EXTRACTED INFORMATION —

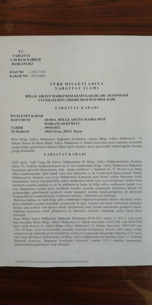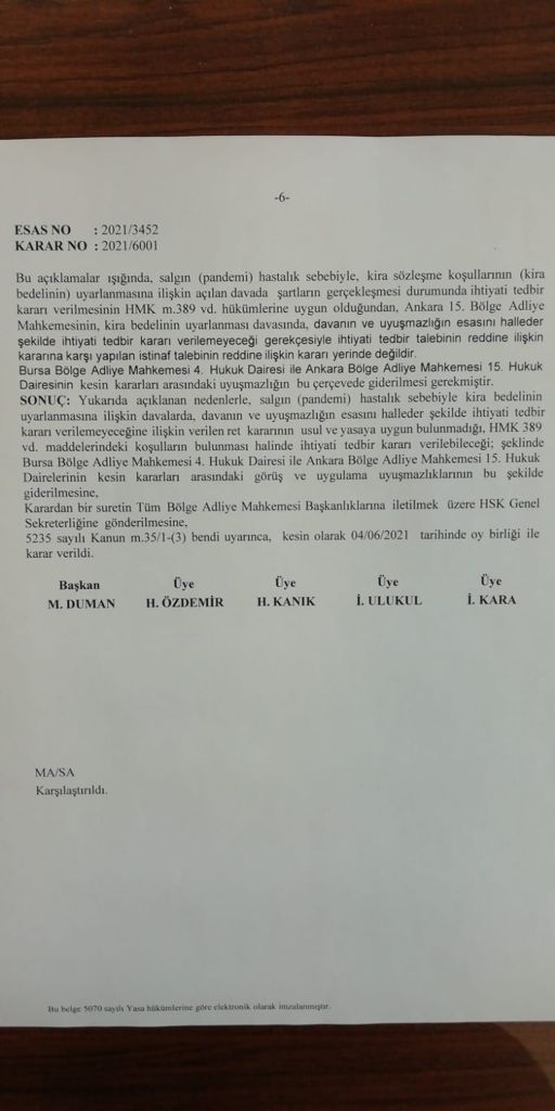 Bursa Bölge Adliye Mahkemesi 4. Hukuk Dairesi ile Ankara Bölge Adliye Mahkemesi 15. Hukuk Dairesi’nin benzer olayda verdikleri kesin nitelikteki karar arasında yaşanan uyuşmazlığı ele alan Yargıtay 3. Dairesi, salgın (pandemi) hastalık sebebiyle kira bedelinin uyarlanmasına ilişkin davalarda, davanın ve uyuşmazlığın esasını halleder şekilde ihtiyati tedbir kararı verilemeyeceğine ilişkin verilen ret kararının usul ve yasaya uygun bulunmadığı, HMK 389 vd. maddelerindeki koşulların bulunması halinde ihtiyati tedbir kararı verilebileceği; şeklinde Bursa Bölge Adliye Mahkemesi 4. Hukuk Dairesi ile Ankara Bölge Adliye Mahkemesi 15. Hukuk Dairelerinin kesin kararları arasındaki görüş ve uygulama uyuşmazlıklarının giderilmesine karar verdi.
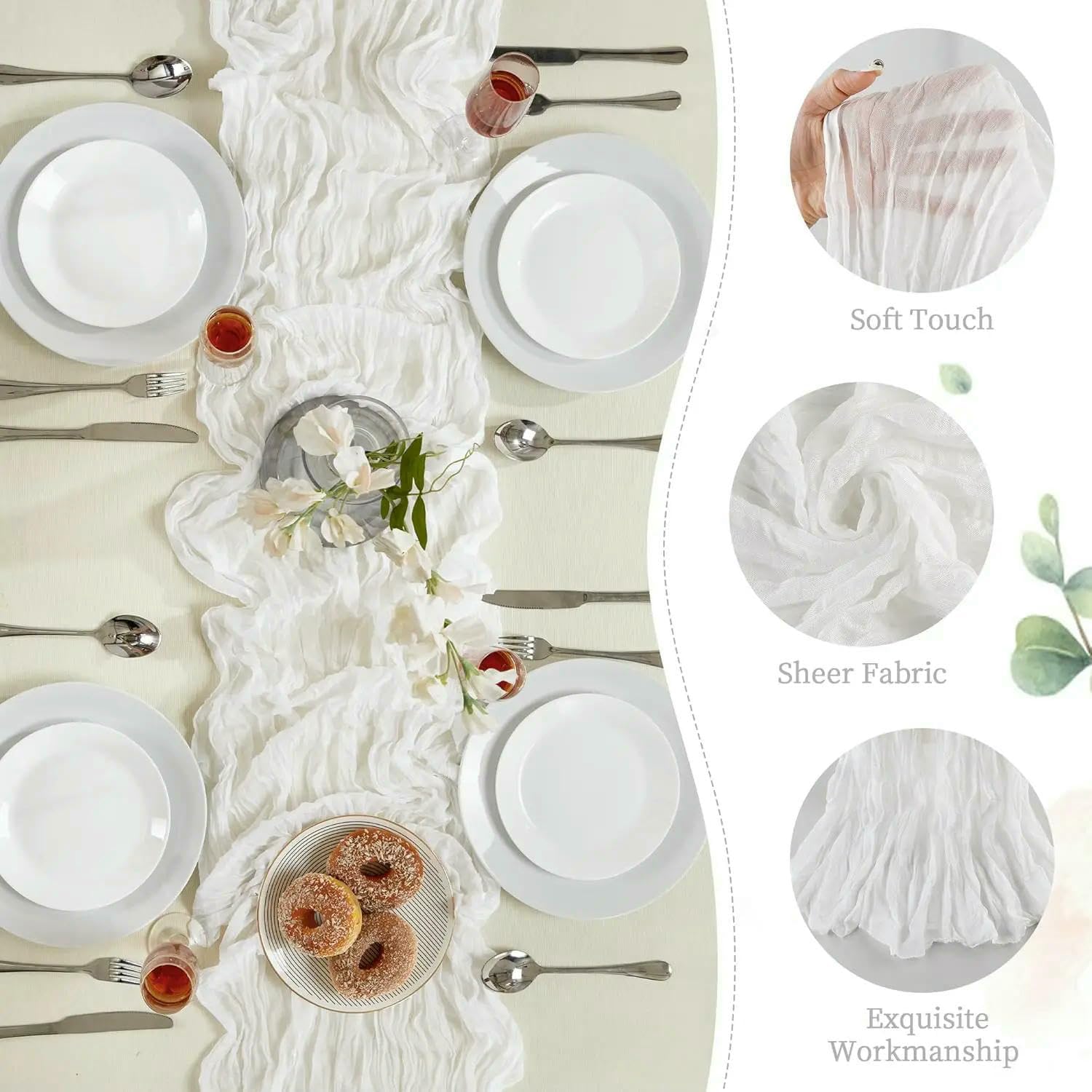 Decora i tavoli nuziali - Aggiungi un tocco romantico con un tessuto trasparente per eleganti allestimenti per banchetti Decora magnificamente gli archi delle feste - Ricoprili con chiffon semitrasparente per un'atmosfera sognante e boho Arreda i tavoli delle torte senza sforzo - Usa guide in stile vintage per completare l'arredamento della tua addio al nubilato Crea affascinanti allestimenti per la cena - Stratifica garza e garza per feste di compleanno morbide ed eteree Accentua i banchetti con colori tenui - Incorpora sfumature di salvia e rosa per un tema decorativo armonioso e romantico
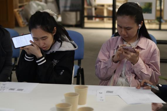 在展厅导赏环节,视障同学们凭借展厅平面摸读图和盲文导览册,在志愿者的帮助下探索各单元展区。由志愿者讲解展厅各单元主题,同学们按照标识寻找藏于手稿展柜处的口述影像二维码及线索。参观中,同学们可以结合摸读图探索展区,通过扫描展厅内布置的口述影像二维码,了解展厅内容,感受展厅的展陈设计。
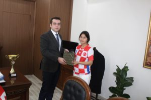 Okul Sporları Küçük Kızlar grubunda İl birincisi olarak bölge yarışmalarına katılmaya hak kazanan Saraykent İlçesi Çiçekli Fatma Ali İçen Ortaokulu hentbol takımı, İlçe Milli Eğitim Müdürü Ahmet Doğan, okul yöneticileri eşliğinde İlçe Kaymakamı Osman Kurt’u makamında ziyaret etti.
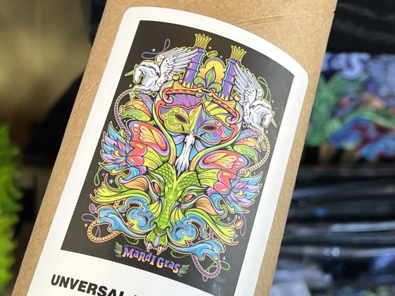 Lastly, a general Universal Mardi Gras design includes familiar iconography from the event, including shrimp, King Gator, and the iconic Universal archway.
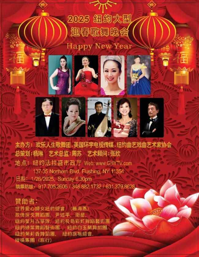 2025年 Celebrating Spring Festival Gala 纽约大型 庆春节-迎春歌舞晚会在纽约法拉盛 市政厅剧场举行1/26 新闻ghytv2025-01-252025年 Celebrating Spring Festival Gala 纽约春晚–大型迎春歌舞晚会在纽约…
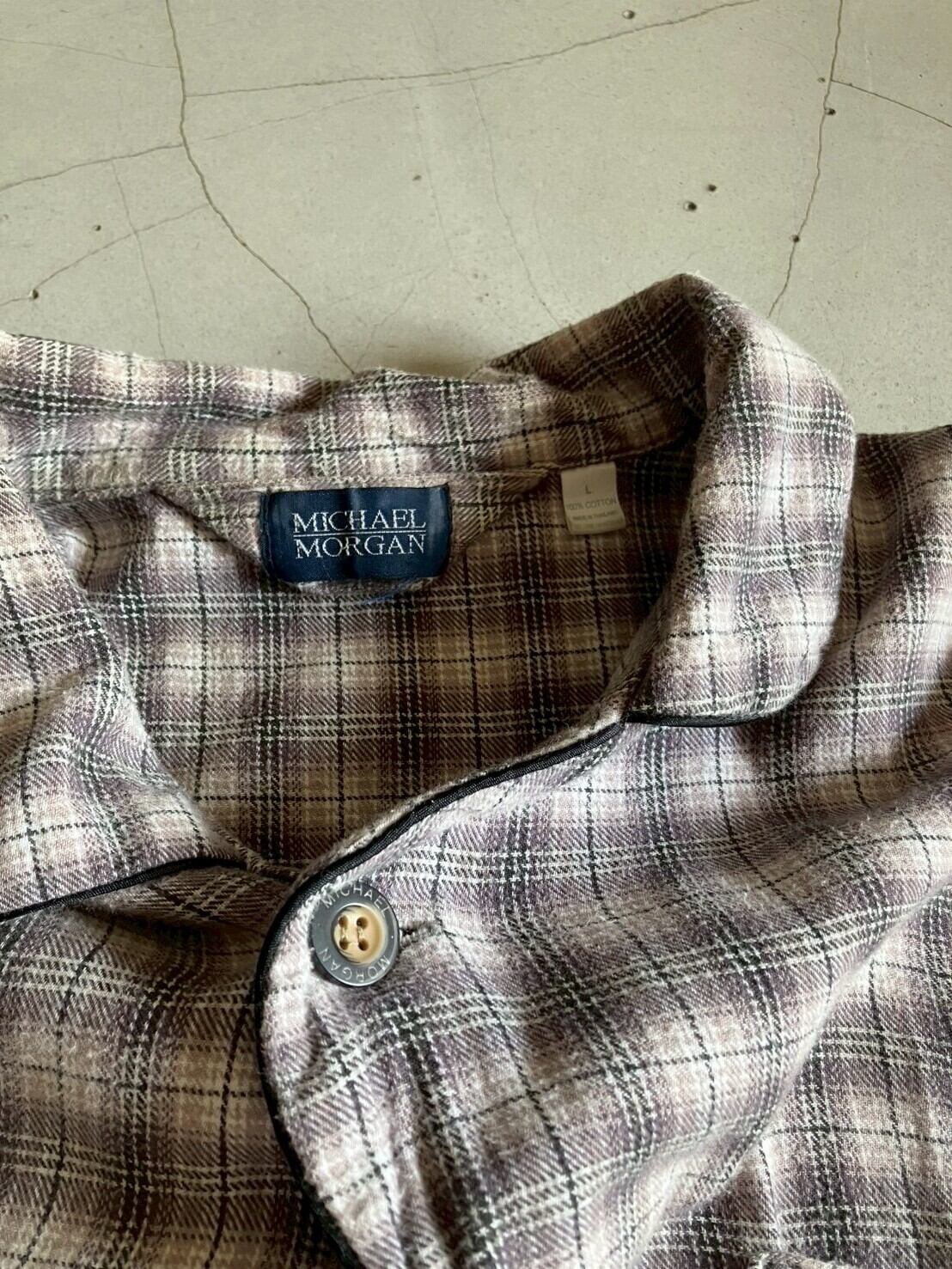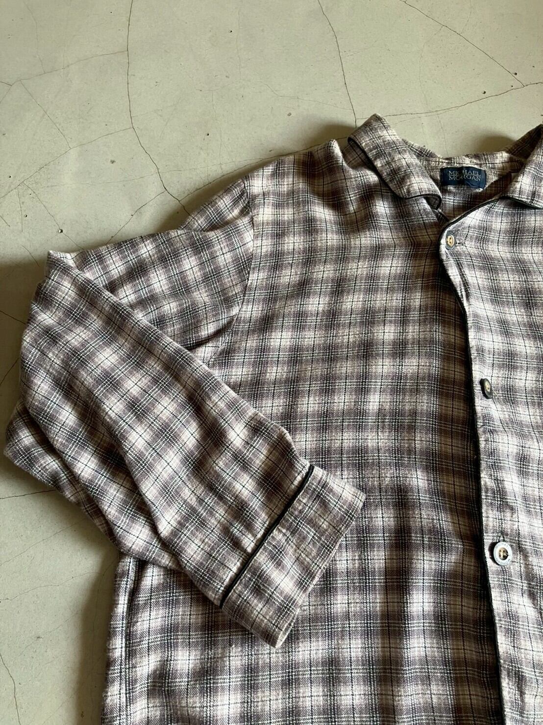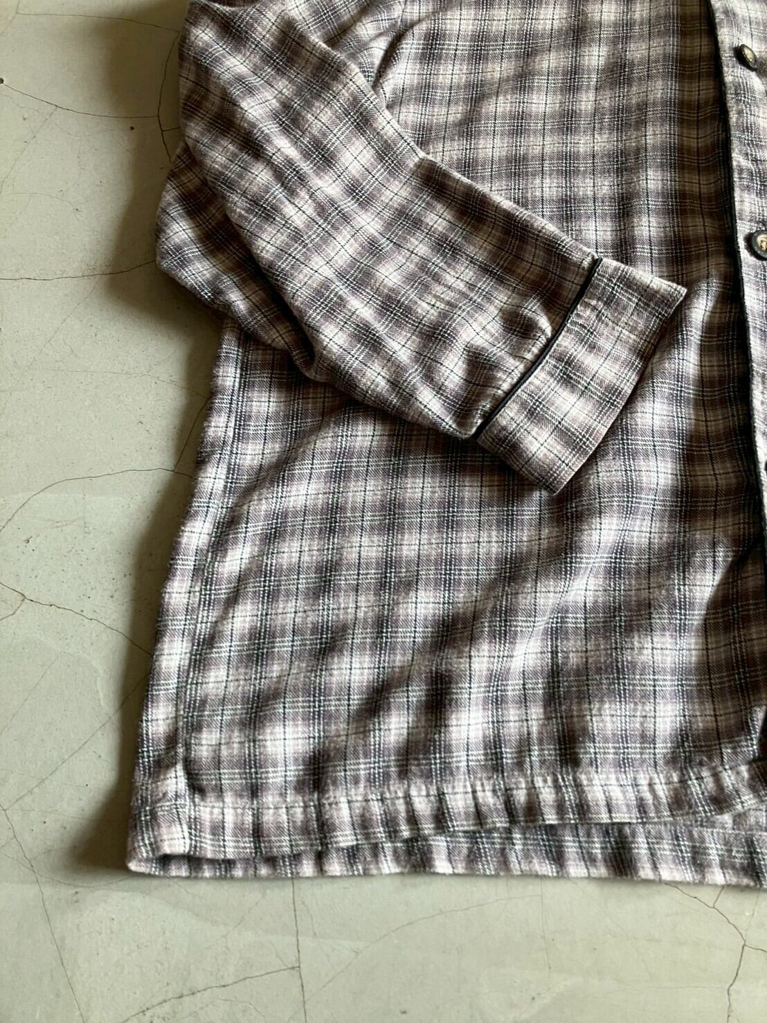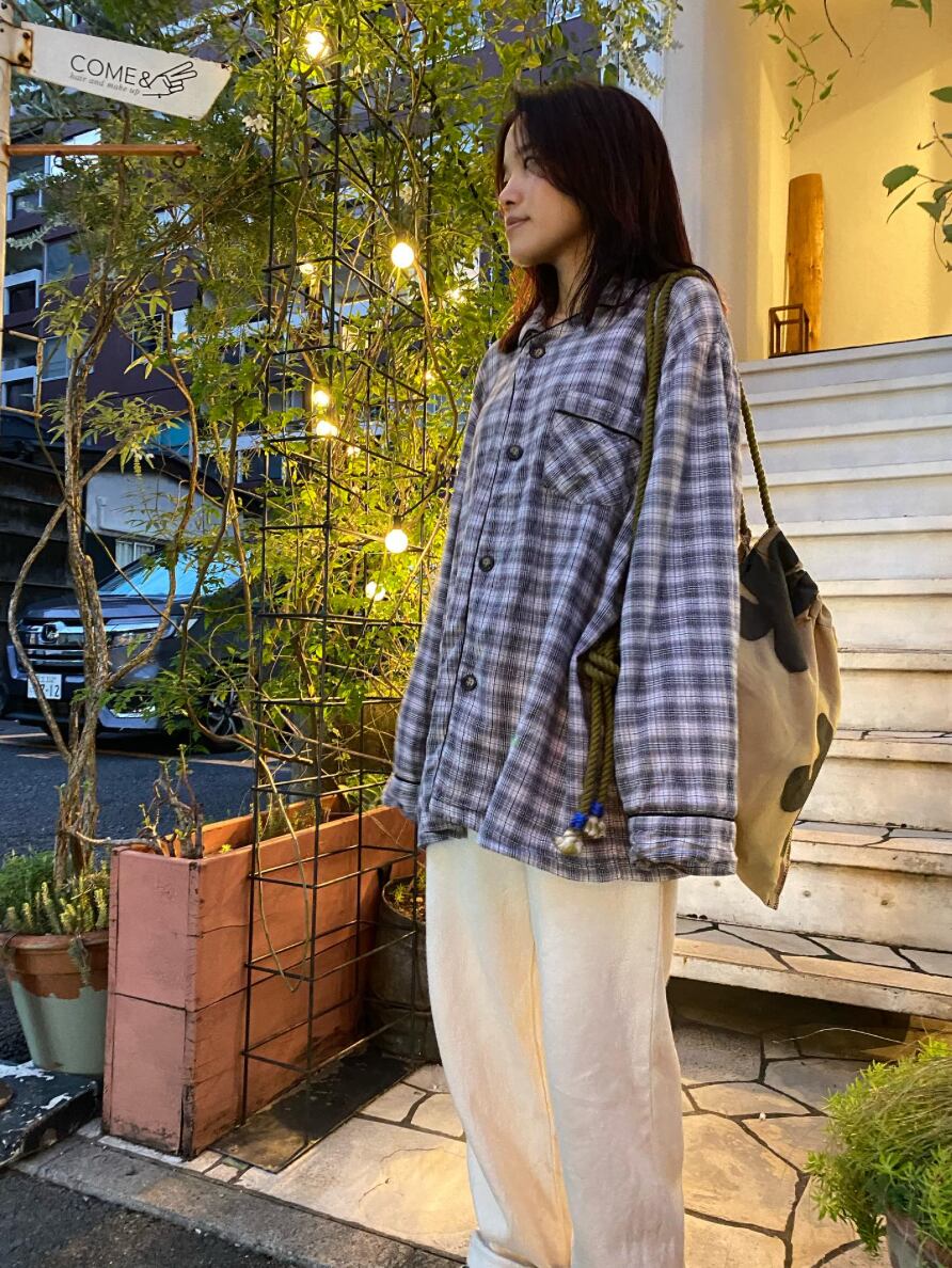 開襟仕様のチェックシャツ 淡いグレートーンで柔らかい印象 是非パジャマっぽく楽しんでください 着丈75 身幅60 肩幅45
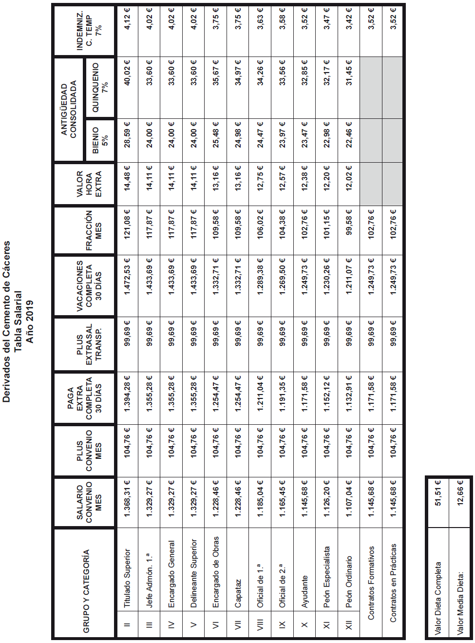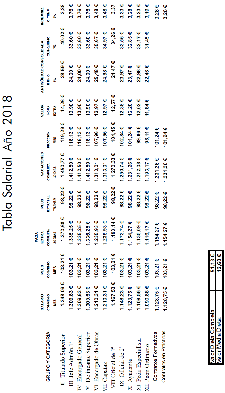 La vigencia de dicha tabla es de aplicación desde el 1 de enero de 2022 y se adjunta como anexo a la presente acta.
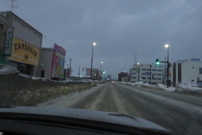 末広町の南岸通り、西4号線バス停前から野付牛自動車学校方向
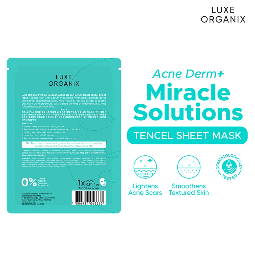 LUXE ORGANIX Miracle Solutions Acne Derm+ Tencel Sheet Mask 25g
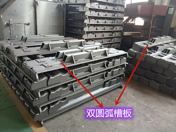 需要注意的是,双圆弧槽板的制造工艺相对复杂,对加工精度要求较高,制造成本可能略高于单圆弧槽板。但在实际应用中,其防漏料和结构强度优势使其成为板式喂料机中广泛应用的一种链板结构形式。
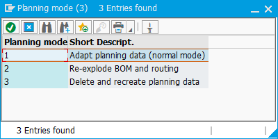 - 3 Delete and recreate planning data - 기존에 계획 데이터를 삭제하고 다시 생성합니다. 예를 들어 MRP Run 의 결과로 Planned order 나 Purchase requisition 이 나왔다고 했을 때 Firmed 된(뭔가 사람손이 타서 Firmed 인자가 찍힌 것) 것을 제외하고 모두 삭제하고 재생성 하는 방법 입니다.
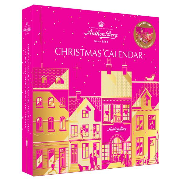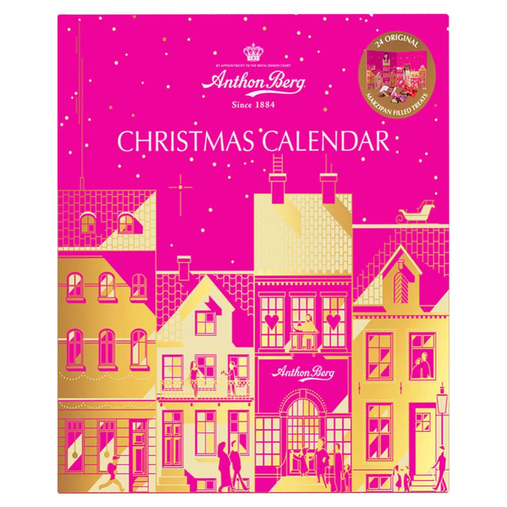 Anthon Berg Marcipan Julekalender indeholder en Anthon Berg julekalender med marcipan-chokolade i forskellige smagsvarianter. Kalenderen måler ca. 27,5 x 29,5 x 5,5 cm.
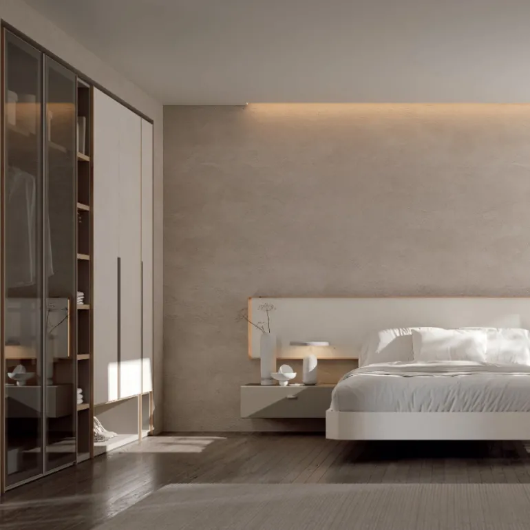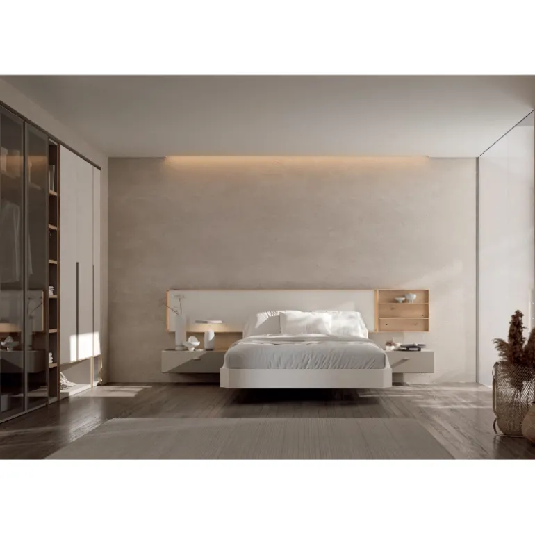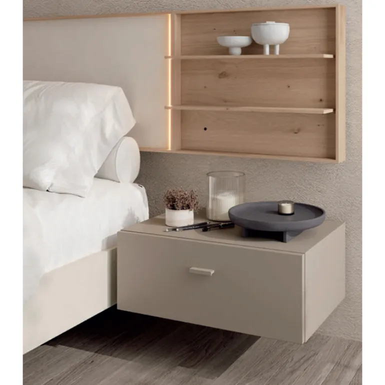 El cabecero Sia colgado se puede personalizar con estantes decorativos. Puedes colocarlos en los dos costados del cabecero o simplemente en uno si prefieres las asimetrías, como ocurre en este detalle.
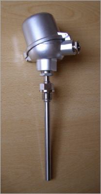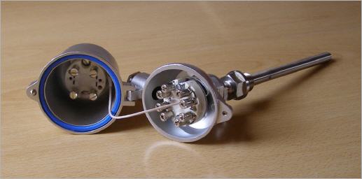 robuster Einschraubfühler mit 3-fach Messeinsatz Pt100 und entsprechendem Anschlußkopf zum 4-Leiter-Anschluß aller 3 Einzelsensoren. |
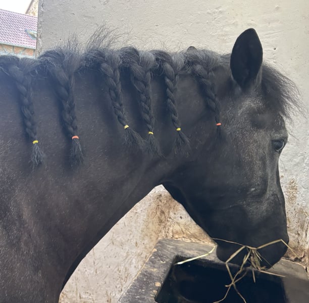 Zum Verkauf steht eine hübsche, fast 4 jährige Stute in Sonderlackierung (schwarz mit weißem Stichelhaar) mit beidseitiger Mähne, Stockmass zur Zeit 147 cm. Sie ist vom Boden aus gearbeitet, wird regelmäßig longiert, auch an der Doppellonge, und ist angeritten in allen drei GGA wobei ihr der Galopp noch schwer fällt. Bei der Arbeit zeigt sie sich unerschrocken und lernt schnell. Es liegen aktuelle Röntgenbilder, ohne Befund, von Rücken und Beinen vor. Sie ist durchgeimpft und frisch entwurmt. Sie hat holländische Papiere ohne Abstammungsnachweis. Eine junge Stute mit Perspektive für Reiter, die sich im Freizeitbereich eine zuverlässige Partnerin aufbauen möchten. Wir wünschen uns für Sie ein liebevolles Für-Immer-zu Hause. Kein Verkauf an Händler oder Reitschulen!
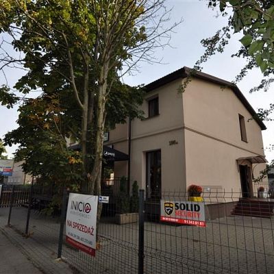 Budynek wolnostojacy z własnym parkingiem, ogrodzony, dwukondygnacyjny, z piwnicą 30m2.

ACTIVITY — What should be set down is every line from the opening of the records through the line that contains "Lastly, a general", exactly, with pictures left out.

WRITTEN REPLY —
 Bursa Bölge Adliye Mahkemesi 4. Hukuk Dairesi ile Ankara Bölge Adliye Mahkemesi 15. Hukuk Dairesi’nin benzer olayda verdikleri kesin nitelikteki karar arasında yaşanan uyuşmazlığı ele alan Yargıtay 3. Dairesi, salgın (pandemi) hastalık sebebiyle kira bedelinin uyarlanmasına ilişkin davalarda, davanın ve uyuşmazlığın esasını halleder şekilde ihtiyati tedbir kararı verilemeyeceğine ilişkin verilen ret kararının usul ve yasaya uygun bulunmadığı, HMK 389 vd. maddelerindeki koşulların bulunması halinde ihtiyati tedbir kararı verilebileceği; şeklinde Bursa Bölge Adliye Mahkemesi 4. Hukuk Dairesi ile Ankara Bölge Adliye Mahkemesi 15. Hukuk Dairelerinin kesin kararları arasındaki görüş ve uygulama uyuşmazlıklarının giderilmesine karar verdi.
 Decora i tavoli nuziali - Aggiungi un tocco romantico con un tessuto trasparente per eleganti allestimenti per banchetti Decora magnificamente gli archi delle feste - Ricoprili con chiffon semitrasparente per un'atmosfera sognante e boho Arreda i tavoli delle torte senza sforzo - Usa guide in stile vintage per completare l'arredamento della tua addio al nubilato Crea affascinanti allestimenti per la cena - Stratifica garza e garza per feste di compleanno morbide ed eteree Accentua i banchetti con colori tenui - Incorpora sfumature di salvia e rosa per un tema decorativo armonioso e romantico
 在展厅导赏环节,视障同学们凭借展厅平面摸读图和盲文导览册,在志愿者的帮助下探索各单元展区。由志愿者讲解展厅各单元主题,同学们按照标识寻找藏于手稿展柜处的口述影像二维码及线索。参观中,同学们可以结合摸读图探索展区,通过扫描展厅内布置的口述影像二维码,了解展厅内容,感受展厅的展陈设计。
 Okul Sporları Küçük Kızlar grubunda İl birincisi olarak bölge yarışmalarına katılmaya hak kazanan Saraykent İlçesi Çiçekli Fatma Ali İçen Ortaokulu hentbol takımı, İlçe Milli Eğitim Müdürü Ahmet Doğan, okul yöneticileri eşliğinde İlçe Kaymakamı Osman Kurt’u makamında ziyaret etti.
 Lastly, a general Universal Mardi Gras design includes familiar iconography from the event, including shrimp, King Gator, and the iconic Universal archway.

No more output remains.